- **Task instructions**
What is printed must match, line for line, the records from their first line through the line containing "Robe une pièce", with pictures left out.

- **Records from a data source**

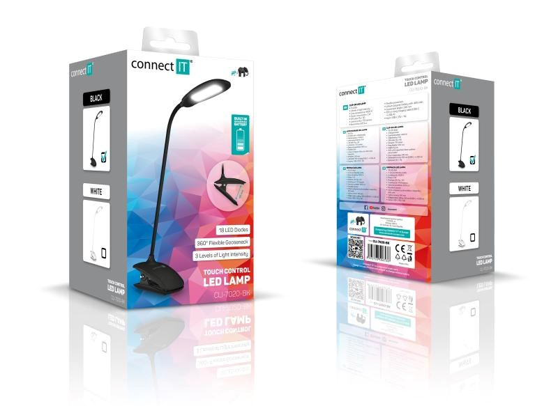 .CONNECT IT Stolní LED lampa CLIP s klipem, černá
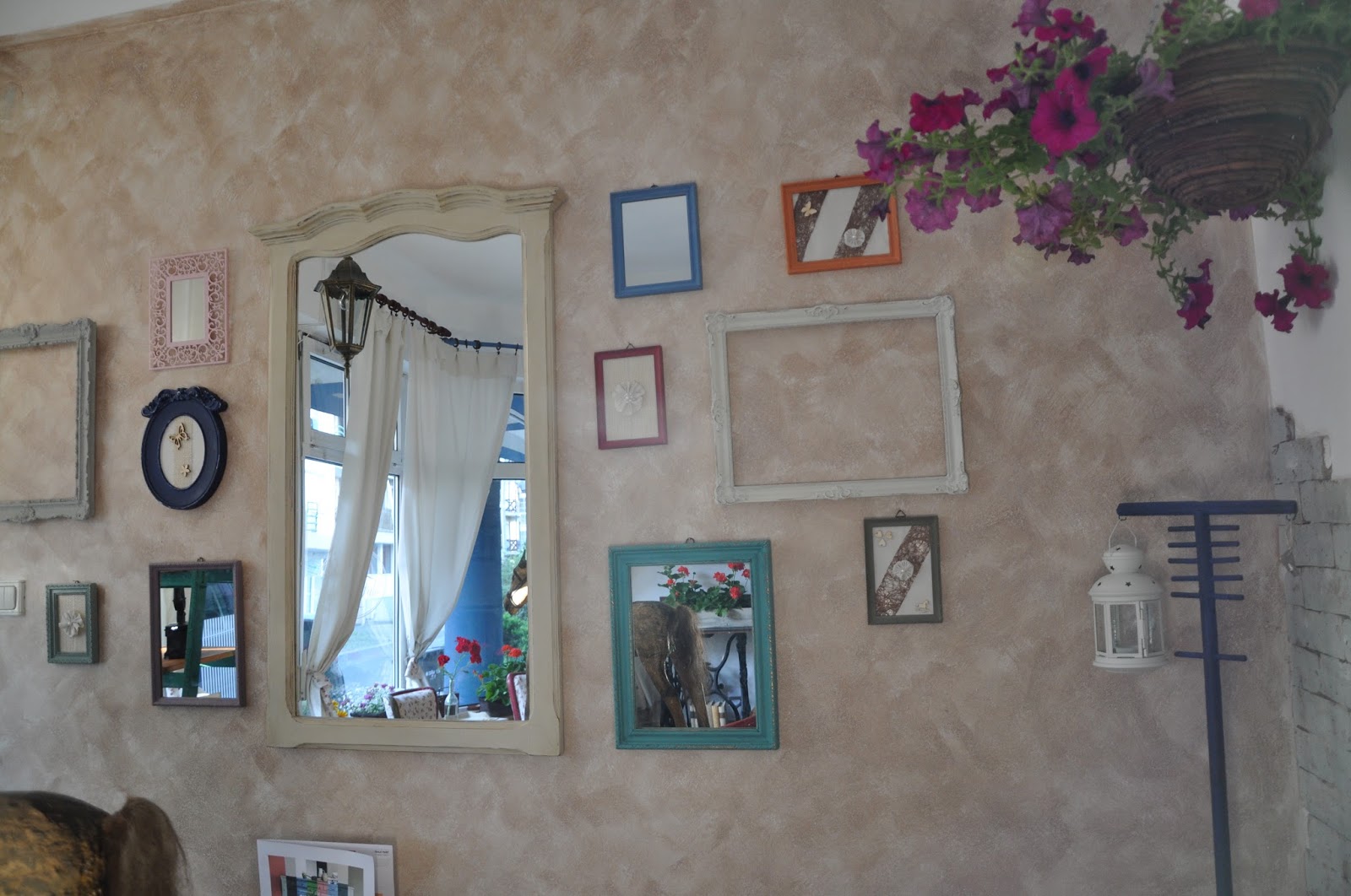 A díszítő téglaszeleteket Paris Grey-jel díszítettem és színesre pingáltam a képkereteket és a karnisokat is.
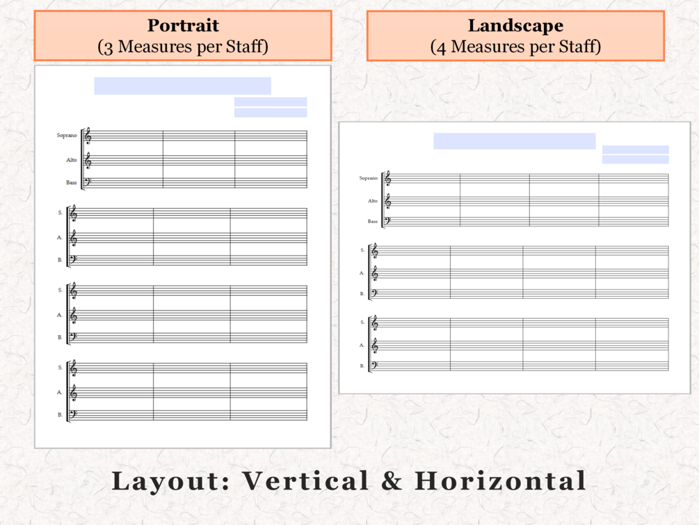 4. US Letter (8.5” x 11”) size PDF Landscape Blank Sheet Music for SAB Choir.
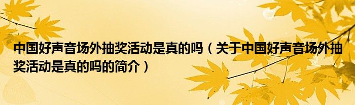 本文關于中國好聲音場外抽獎活動是真的嗎的簡介就講解完畢,希望對大家有所幫助。
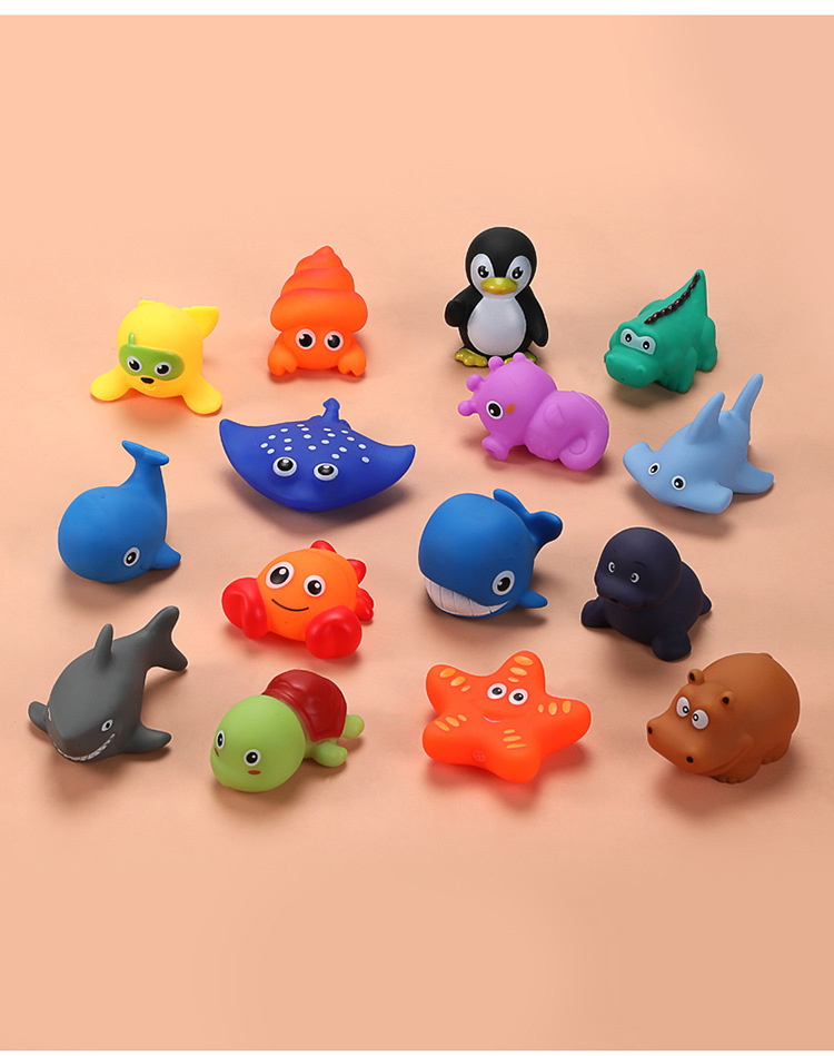 批发儿童海洋仿真发声小动物宝宝洗澡戏水搪胶捏捏叫卡通软胶玩具
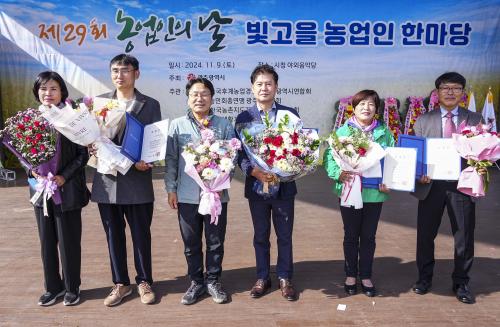 °±âÁ¤ ½ÃÀåÀº À̳¯ ±¤ÁÖ ³ó¾÷ ¹ßÀü¿¡ Çå½ÅÇÑ Àü±¹³ó¹ÎȸÃÑ¿¬¸Í ±¤Áֽóó¹Îȸ ±è¿¬¿Á, (»ç)Çѱ¹³ó¾÷°æ¿µÀα¤ÁÖ±¤¿ª½Ã¿¬ÇÕȸ ±èÇöö, (»ç)Çѱ¹³óÃÌÁöµµÀÚ±¤ÁÖ±¤¿ª½Ã¿¬ÇÕȸ ¹®¿Ï½Ä, (»ç)Çѱ¹»ýȰ°³¼±È¸±¤Áֽÿ¬ÇÕȸ ¹Ú°æ¼÷, (»ç)Çѱ¹ 4-H ±¤ÁÖ±¤¿ª½Ãº»ºÎ Á¤±ÝÁÖ ¾¾ µî ³ó¾÷ÀÎ 5¸í¿¡°Ô ǥâÀåÀ» ¼ö¿©Çß´Ù.
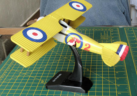 The undercarriage is clipped on at the front and held to the fuselage by a screw. The stand is clipped together and Voila! A finished “model”. Total time, including finding my drills, less than half an hour.
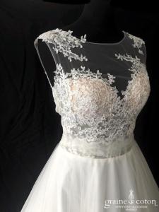 Robe une pièce ivoire clair : top en dentelle avec larges bretelles, décolleté rond et dos nu en V puis boutonné. Jupe taille haute en tulle épuré, largement évasée mais …
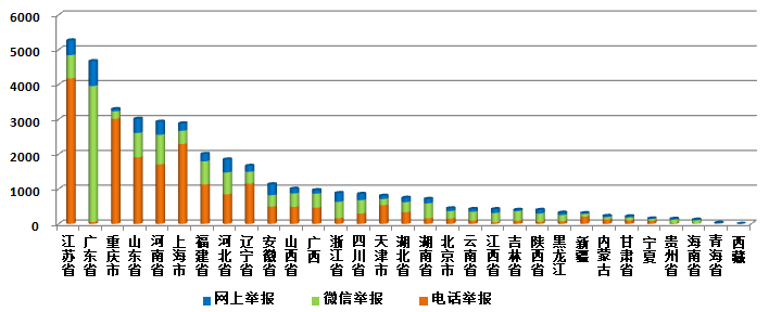 从各地区举报数量看,电话举报量以江苏省为首,微信举报量以广东省为首,江苏、广东、重庆、山东、河南、上海等地总举报量相对较多,六省(市)举报量合计占全国的57.5%。
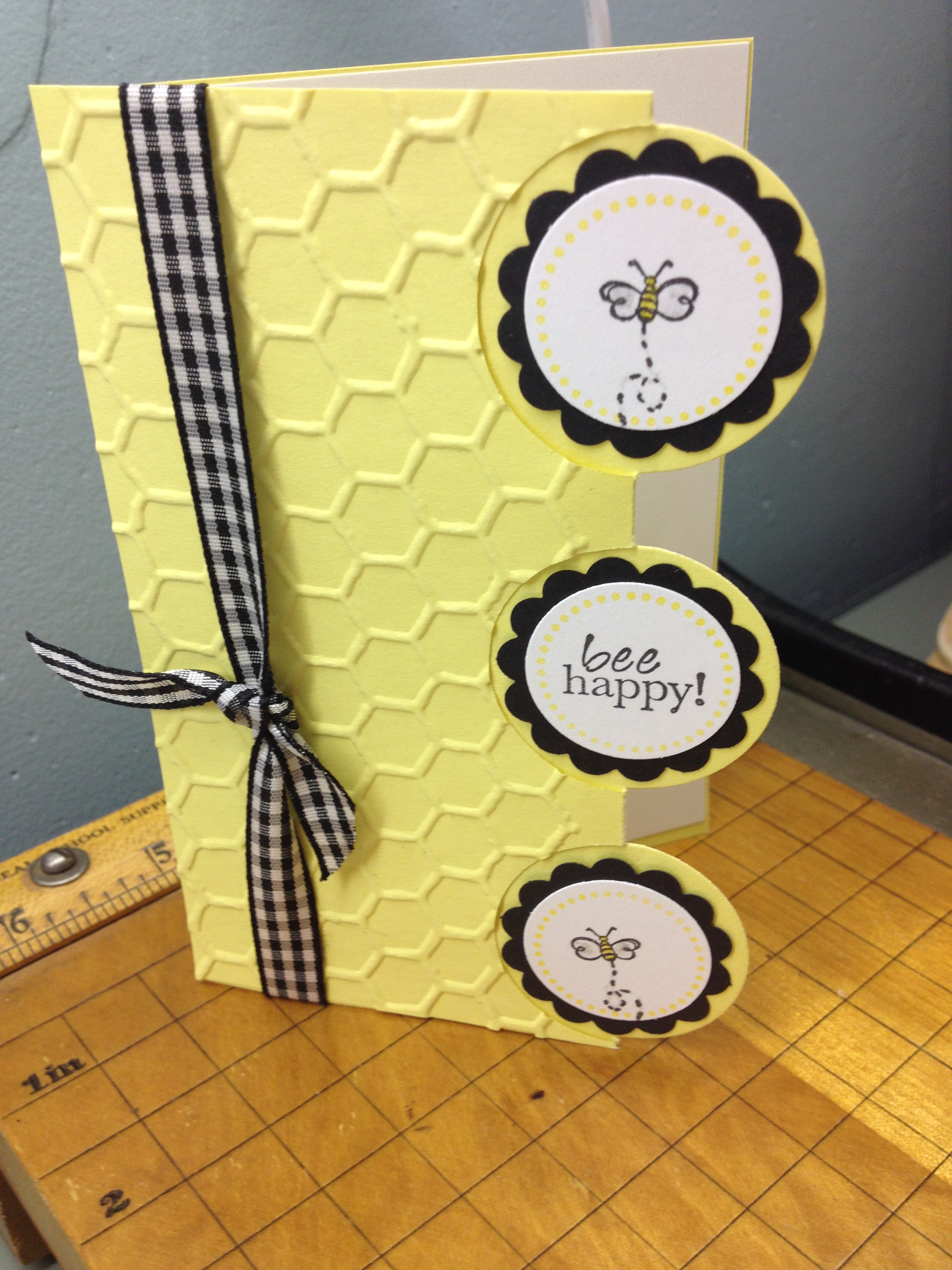Hope you all are happy this Tuesday! This is a 3.5″x5.0″ Triple Circle card that I cut out with my triple circle die. We are hoping to put together a bee card for make n takes this weekend in Bloomington, MN. I’m also looking forward to a day of stamping in my stamp studio tomorrow! Got some ideas floating around in my head that I’ve been wanting to get done.
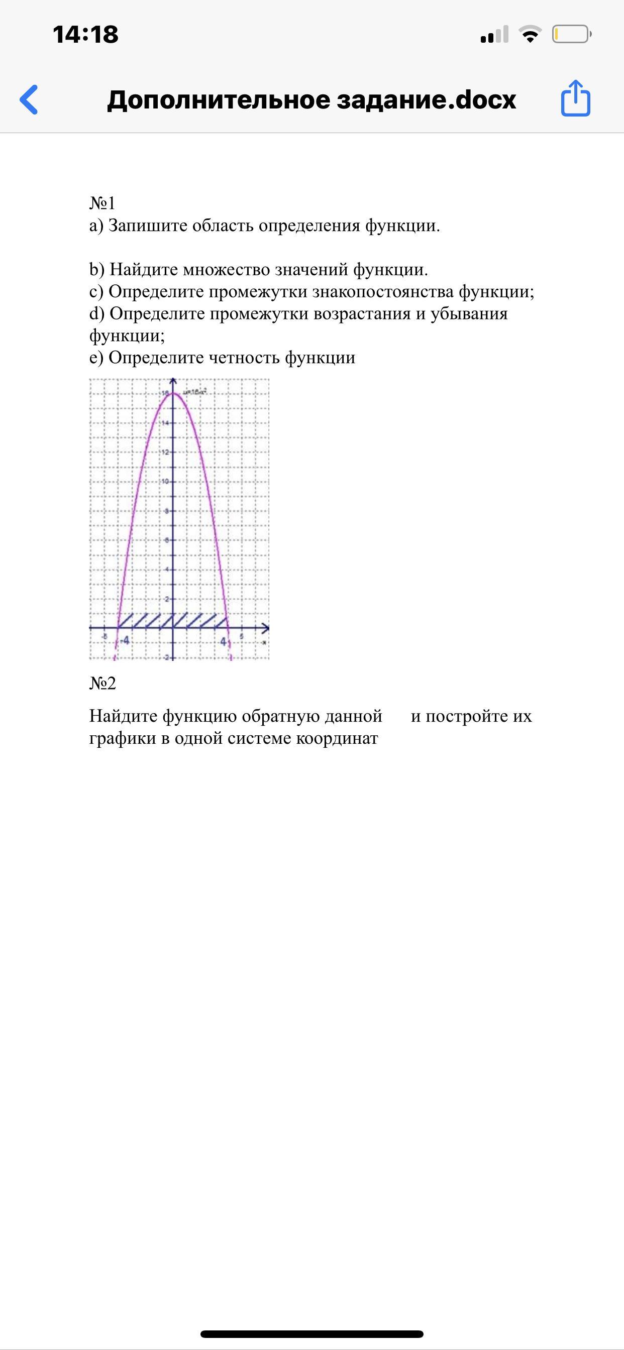 а) ООФ [-4;4] судя по тому, что ниже оси x идет пунктир в условии было про промежуток -4; 4 ? для чего заштрихован промежуток был?
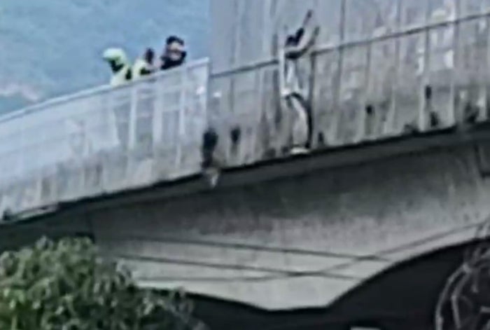 En video quedó registrado el dramático momento en que un hombre, subido a una malla de un puente, se arrojó minutos después a los rieles del Metro de Medellín. A pesar de los esfuerzos de transeúntes y organismos de socorro esta persona quedó tendida en el suelo.
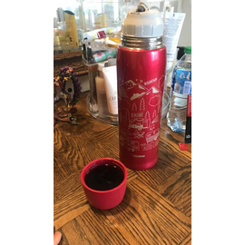 Довго тримає. Не протікає. Легкий. Зручна кришка з клапаном.
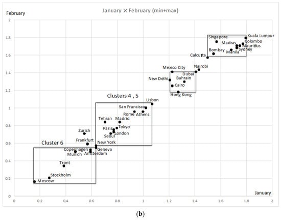 Table 7 shows the average values of the compactness for 12 months at selected clustering steps: 25, 29, 31, 33, and 35. As clarified by bold format numbers, the most informative features are February, then January and May. The feature May is important to recognize Cluster 1, 2, and 3. The scatter diagram of Figure 15a shows this fact explicitly, where we used the sum of the minimum and the maximum temperatures as feature values. Figure 15b is the scatter diagram for January and February. This figure describes well the mutual relations of Cluster 4, 5, and 6, while the distinctions between Cluster 1, 2, and 3 disappear. We should note that we can reproduce essential structures appearing in the dendrogram by using only three selected informative features.
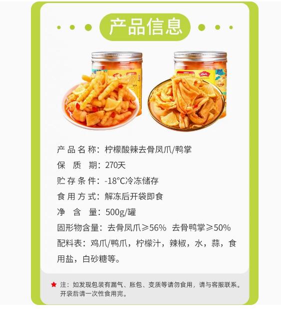 商品名称:精武无骨鸡爪柠檬酸辣罐装泡椒脱骨去骨凤爪500G鸭掌200G零食小吃休闲食品
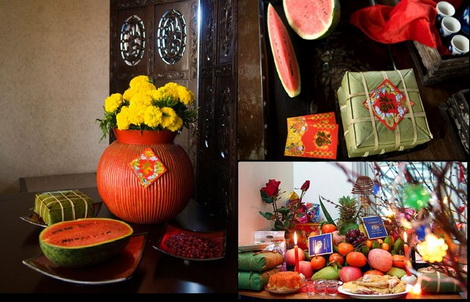 Bàn thờ Tết không thể thiếu được mâm ngũ quả
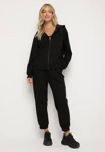 Czarny Komplet Dresowy Rozpinana Bluza i Spodnie Joggery z Bawełną Anarrise
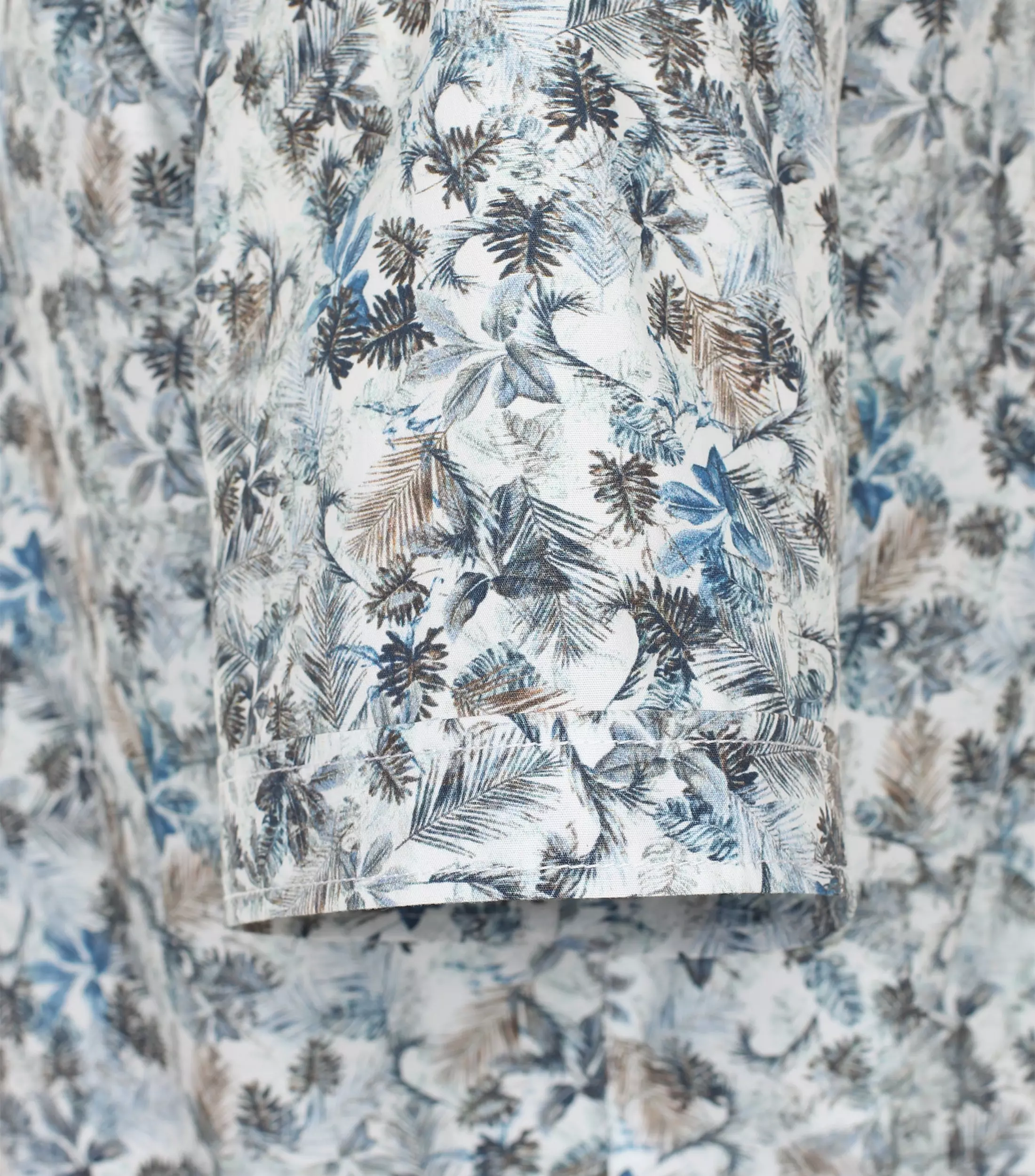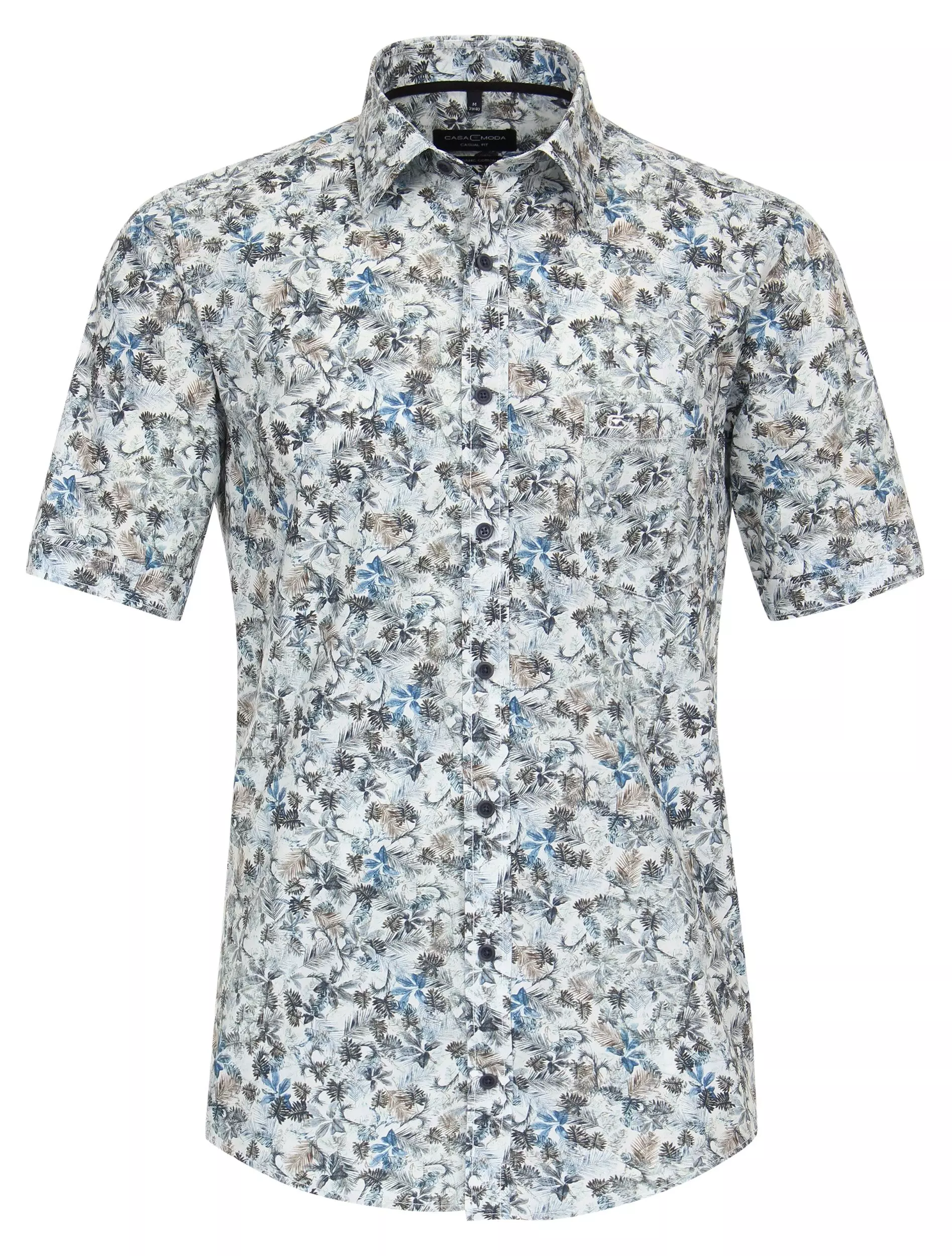 Casa Moda overhemd korte mouw met borstzakje in een gekleurd blad design. De kwaliteit is 100% katoen.

- **Response to the task**
 .CONNECT IT Stolní LED lampa CLIP s klipem, černá
 A díszítő téglaszeleteket Paris Grey-jel díszítettem és színesre pingáltam a képkereteket és a karnisokat is.
 4. US Letter (8.5” x 11”) size PDF Landscape Blank Sheet Music for SAB Choir.
 本文關于中國好聲音場外抽獎活動是真的嗎的簡介就講解完畢,希望對大家有所幫助。
 批发儿童海洋仿真发声小动物宝宝洗澡戏水搪胶捏捏叫卡通软胶玩具
 °±âÁ¤ ½ÃÀåÀº À̳¯ ±¤ÁÖ ³ó¾÷ ¹ßÀü¿¡ Çå½ÅÇÑ Àü±¹³ó¹ÎȸÃÑ¿¬¸Í ±¤Áֽóó¹Îȸ ±è¿¬¿Á, (»ç)Çѱ¹³ó¾÷°æ¿µÀα¤ÁÖ±¤¿ª½Ã¿¬ÇÕȸ ±èÇöö, (»ç)Çѱ¹³óÃÌÁöµµÀÚ±¤ÁÖ±¤¿ª½Ã¿¬ÇÕȸ ¹®¿Ï½Ä, (»ç)Çѱ¹»ýȰ°³¼±È¸±¤Áֽÿ¬ÇÕȸ ¹Ú°æ¼÷, (»ç)Çѱ¹ 4-H ±¤ÁÖ±¤¿ª½Ãº»ºÎ Á¤±ÝÁÖ ¾¾ µî ³ó¾÷ÀÎ 5¸í¿¡°Ô ǥâÀåÀ» ¼ö¿©Çß´Ù.
 The undercarriage is clipped on at the front and held to the fuselage by a screw. The stand is clipped together and Voila! A finished “model”. Total time, including finding my drills, less than half an hour.
 Robe une pièce ivoire clair : top en dentelle avec larges bretelles, décolleté rond et dos nu en V puis boutonné. Jupe taille haute en tulle épuré, largement évasée mais …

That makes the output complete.